Antes de que tu madre pudiera salir de allí, él ya estaba a su espalda. Tú caíste al
suelo cuando él le agarró el brazo haciendo que tirara todo lo que llevaba encima.
Recuerdo como te tapabas la cara entre sollozos mientras ella te pedía que co-
rrieras, pero cualquier grito suyo fue en vano porque tú eras incapaz de reaccionar.
A partir de ahí, fui incapaz de ver nada. Tan solo escuché los golpes, las súplicas,
y los sollozos, hasta que un silencio penetrante inundó toda la casa.
Segundos después, el sonido de los pesados y planos pasos de tu padre rompió la
tensión que se había acumulado en la atmósfera. Tú estabas paralizado bajo la mesa
de la cocina, observando a tu madre, que parecía derramar un charco carmesí desde
su cabeza, manchando sus rubios cabellos.
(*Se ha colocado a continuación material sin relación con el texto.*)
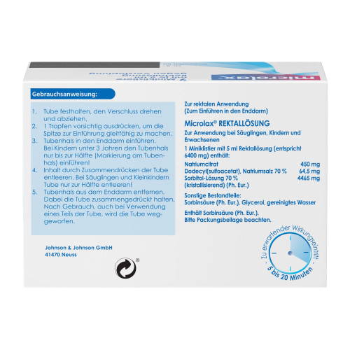 Speziell für Säuglinge und Kinder bis 6 Jahren ist Microlax auch als Microlax Rektallösung mit kurzem Tubenhals (PZN 18713829) erhältlich.

Tu padre apareció de nuevo con aquella cosa que siempre te dijo que no podías
tocar porque era peligrosa. Parecía que iba a dártela. Estiraste la mano para cogerla,
pero en su lugar, un sonido potente que probablemente hizo que los tímpanos de los
vecinos temblaran salió de aquel objeto, por no hablar del golpe que ambos senti-
mos, ya que había disparado al lugar donde yo estaba guardado. Sé que no pudiste
mantenerte en pie, pero yo seguí escuchándolo todo, incluyendo un último disparo,
y los golpes en la puerta de la policía.
Lo siento mucho, Mickey. Ambos quedamos destrozados, y toda la culpa es mía;
sólo mía. Yo fui el símbolo de aquel amor descarriado, si es que se puede llamar
amor. Yo fui lo que hizo que tu madre se arrepintiera de dejar a aquel monstruo, ya
que cuando ella miraba su mano izquierda, ahí estaba yo para recordar los buenos
momentos.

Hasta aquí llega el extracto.